Reputation: 307
My data set looks like this:
Date/Time Teams xScore
Saturday, Jan 16th 2021 NA NA
10:30 AM Fulham 0.9125
NA Chelsea 1.1634
NA Draw NA
NA NA NA
1:00 PM Leicester 1.4562
NA Southampton 1.4613
NA Draw NA
NA NA NA
Sunday, Jan 17th 2021 NA NA
6:00 AM Sheffield Utd 0.8965
NA Tottenham 1.6542
NA Draw NA
NA NA NA
I am trying to add a new column that performs a calculation where xScore is not NA. Here is a simple version of what I am trying to do:
for (i in 1:length(mytable$xScore)){
if(is.na(mytable$xScore[i]) != TRUE){
if(is.na(mytable$xScore[i+1]) != TRUE){
mytable$HomeAway[i] <- "Home"
mytable$HomeAway[i+1] <- "Away"
}
}
}
When I run the forloop I get this error: "replacement has 2 rows, data has 49"

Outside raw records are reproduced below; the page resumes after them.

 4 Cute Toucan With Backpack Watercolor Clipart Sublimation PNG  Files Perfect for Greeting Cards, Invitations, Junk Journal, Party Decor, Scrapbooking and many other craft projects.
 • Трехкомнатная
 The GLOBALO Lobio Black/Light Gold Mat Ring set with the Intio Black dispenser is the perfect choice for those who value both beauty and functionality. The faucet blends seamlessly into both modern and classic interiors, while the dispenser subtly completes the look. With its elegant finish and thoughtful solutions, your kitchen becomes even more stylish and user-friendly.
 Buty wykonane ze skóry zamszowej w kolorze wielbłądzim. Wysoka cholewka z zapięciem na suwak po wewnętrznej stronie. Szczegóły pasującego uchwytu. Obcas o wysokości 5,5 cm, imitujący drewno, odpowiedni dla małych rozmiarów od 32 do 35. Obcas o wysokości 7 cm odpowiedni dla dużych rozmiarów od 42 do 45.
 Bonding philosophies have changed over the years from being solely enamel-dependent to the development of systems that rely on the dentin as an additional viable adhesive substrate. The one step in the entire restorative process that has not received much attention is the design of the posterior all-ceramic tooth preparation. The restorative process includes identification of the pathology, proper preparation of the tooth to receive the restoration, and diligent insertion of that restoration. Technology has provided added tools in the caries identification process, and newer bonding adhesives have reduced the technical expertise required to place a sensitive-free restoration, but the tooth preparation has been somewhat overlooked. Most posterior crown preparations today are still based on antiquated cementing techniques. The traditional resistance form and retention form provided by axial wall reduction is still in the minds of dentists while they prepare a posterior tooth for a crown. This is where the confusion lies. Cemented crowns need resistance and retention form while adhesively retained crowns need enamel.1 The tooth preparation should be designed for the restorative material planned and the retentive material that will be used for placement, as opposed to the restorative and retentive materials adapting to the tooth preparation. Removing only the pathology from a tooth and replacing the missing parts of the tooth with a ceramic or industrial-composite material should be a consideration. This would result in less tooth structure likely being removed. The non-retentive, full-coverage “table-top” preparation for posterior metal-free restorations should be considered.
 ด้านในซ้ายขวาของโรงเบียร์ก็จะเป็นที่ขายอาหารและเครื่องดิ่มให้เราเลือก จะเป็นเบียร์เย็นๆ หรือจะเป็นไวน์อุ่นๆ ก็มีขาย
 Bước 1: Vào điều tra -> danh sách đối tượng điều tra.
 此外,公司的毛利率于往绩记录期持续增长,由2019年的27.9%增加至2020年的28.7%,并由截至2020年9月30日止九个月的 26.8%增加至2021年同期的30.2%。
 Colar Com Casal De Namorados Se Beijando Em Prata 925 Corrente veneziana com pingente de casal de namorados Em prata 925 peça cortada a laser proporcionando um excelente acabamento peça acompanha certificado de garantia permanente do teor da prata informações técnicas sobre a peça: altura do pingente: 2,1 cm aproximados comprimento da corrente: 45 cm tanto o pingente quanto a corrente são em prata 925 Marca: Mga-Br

It seems to me the loop is just stopping when the two if criteria are false. I am not sure how to get it to add a column of home and away for each Team. I want it to look like this:
Date/Time Teams xScore HomeAway
Saturday, Jan 16th 2021 NA NA NA
10:30 AM Fulham 0.9125 Home
NA Chelsea 1.1634 Away
NA Draw NA NA
NA NA NA NA
1:00 PM Leicester 1.4562 Home
NA Southampton 1.4613 Away
NA Draw NA NA
NA NA NA NA
Sunday, Jan 17th 2021 NA NA NA
6:00 AM Sheffield Utd 0.8965 Home
NA Tottenham 1.6542 Away
NA Draw NA NA
NA NA NA NA
Upvotes: 1
Views: 350
Reputation: 129
I leave you another solution with dplyr
. No need to use the for loop.
library(tidyr)
library(dplyr)
df <- tribble(
~`Date/Time` , ~Teams , ~xScore,
"Saturday, Jan 16th 2021", NA , NA,
"10:30 AM" , "Fulham" , 0.9125,
NA , "Chelsea" , 1.1634,
NA , "Draw" , NA,
NA , NA , NA,
"1:00 PM" , "Leicester" , 1.4562,
NA , "Southampton" , 1.4613,
NA , "Draw" , NA,
NA , NA , NA,
"Sunday, Jan 17th 2021" , NA , NA,
"6:00 AM" , "Sheffield Utd", 0.8965,
NA , "Tottenham" , 1.6542,
NA , "Draw" , NA,
NA , NA , NA
)
df %>%
mutate(HomeAway = case_when(
is.na(lag(xScore)) & !is.na(xScore) ~ "Home",
!is.na(xScore) & !is.na(lag(xScore)) ~ "Away",
TRUE ~ NA_character_
))
#> # A tibble: 14 x 4
#> `Date/Time` Teams xScore HomeAway
#> <chr> <chr> <dbl> <chr>
#> 1 Saturday, Jan 16th 2021 <NA> NA <NA>
#> 2 10:30 AM Fulham 0.912 Home
#> 3 <NA> Chelsea 1.16 Away
#> 4 <NA> Draw NA <NA>
#> 5 <NA> <NA> NA <NA>
#> 6 1:00 PM Leicester 1.46 Home
#> 7 <NA> Southampton 1.46 Away
#> 8 <NA> Draw NA <NA>
#> 9 <NA> <NA> NA <NA>
#> 10 Sunday, Jan 17th 2021 <NA> NA <NA>
#> 11 6:00 AM Sheffield Utd 0.896 Home
#> 12 <NA> Tottenham 1.65 Away
#> 13 <NA> Draw NA <NA>
#> 14 <NA> <NA> NA <NA>
Upvotes: 1
Reputation: 160437
ind <- !is.na(mytable$xScore)
ind <- which(ind[-length(ind)] & ind[-1])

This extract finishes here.